Most boarding school sites were on active or decommissioned military sites. From the onset, the schools were “designed to separate a child from his reservation and family, strip him of his tribal lore and mores, force the complete abandonment of his Native language, and prepare him for never again returning to his people,” according to the Interior report.
By 1904, the federal government understood the significance of separating families, writing in official documents that, “The love of home and the warm reciprocal affection existing between parents and children are among the strongest characteristics of the Indian nature.”
In 1928 the Meriam Report looked at the condition of Native Americans in the U.S. and found that the “main disruption to the Indian family and tribal relations had come from the Federal Indian boarding school system.”
The 1928 report also concluded that boarding schools were acting as de facto children labor camps citing a disproportionate amount of time students were spending doing vocational or labor-intensive work instead of actual schoolwork like math or reading. Even the youngest of students were forced into manual labor such as lumbering, railroad, carpentering, irrigation, well-digging and construction.
The Interior Department investigation shared the itinerary of a typical school day in 1917 for a first grade student at a boarding school. It shows a required 110 minutes learning English, then 20 minutes of drawing, 10 minutes of breathing exercises that is followed by 240 minutes of “industrial work.”
An example at the Mescalero Boarding School in New Mexico shows that in 1903 Mescalero Apache “boys sawed over 70,000 feet of lumber and 40,000 shingles and made upward of 120,000 bricks.”
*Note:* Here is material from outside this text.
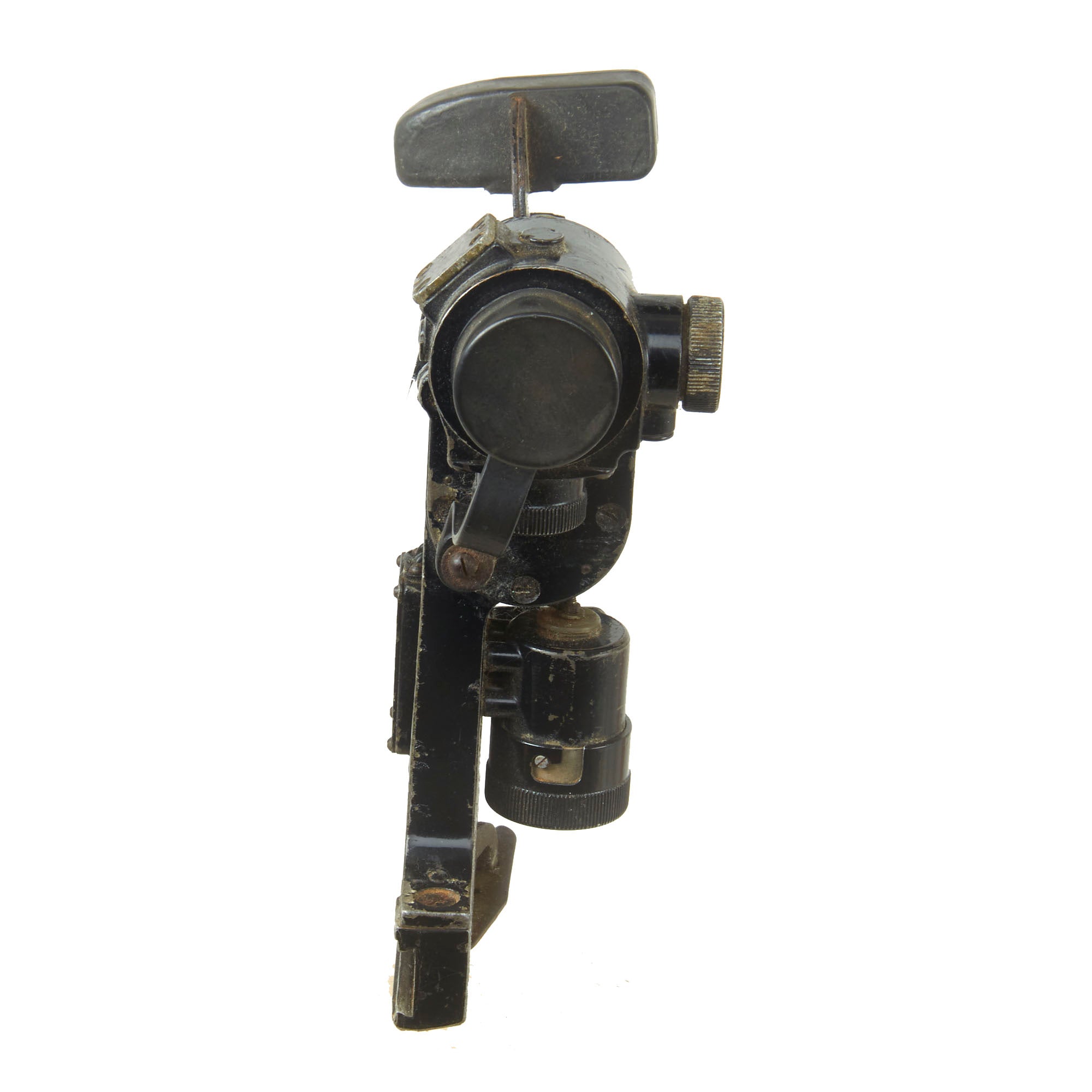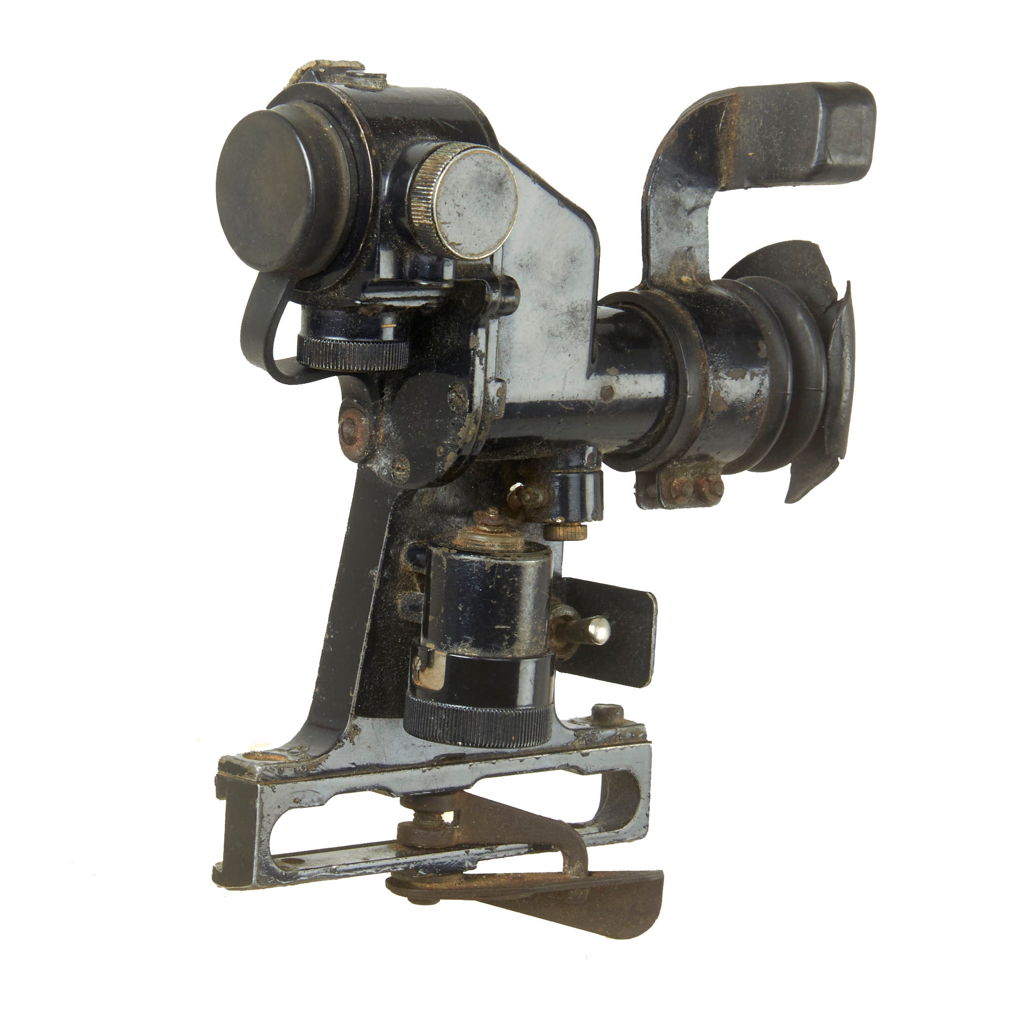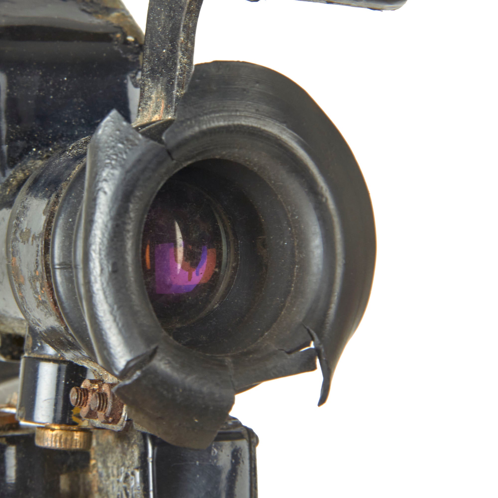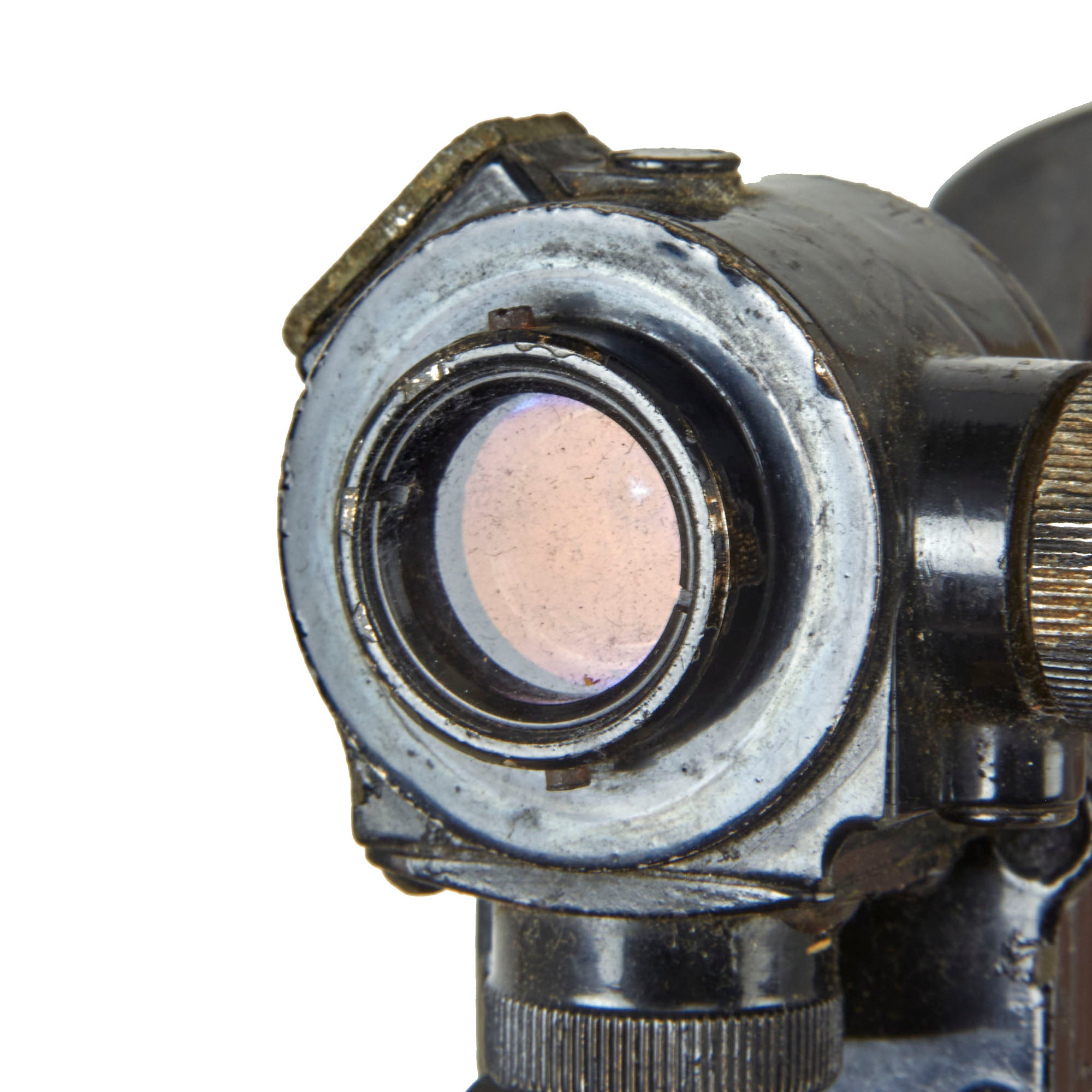 This PGO-7 is of original Soviet manufacture as is identifiable by the Hammer & Sickle insignia. It retains the switch on the side, and both the rubber eye cup and lens cover and intact, but the eye-cup rubber is cracking. The data plate is marked with serial number N15009 over 1966r, for a date of 1966.

The federal government also circumvented rules regarding separation of church and state by paying schools run by churches to take in Native American students.
A 1908 Supreme Court ruling, Quick Bear v. Leupp, allowed the federal government to use money held in Indian treaties and trust accounts to fund children “induced or compelled to attend Indian boarding schools that were operated by religious institutions or organizations.”
The court said paying churches did not violate the Indian Appropriation Acts and “to forbid such expenditures would violate the free exercise clause of the First Amendment.”

The generational impact of boarding schools will be the next development in the historic investigation.
Research about boarding school survivors shows higher rates of chronic health problems that could be passed down to children. “The increased trauma that men faced in the Indian boarding school system may have produced increased stress, which then may affect the biological systems of the body,” according to the report. “These stressors may then introduce epigenetic alterations that are then transferred to their children, also known as epigenetic inheritance.”
“Children of the first attendees of [federal Indian] boarding schools went on to attend, as did their grandchildren, and great-grandchildren, leading to an intergenerational pattern of cultural and familial disruption under direct and indirect support by the United States and non-federal entities.”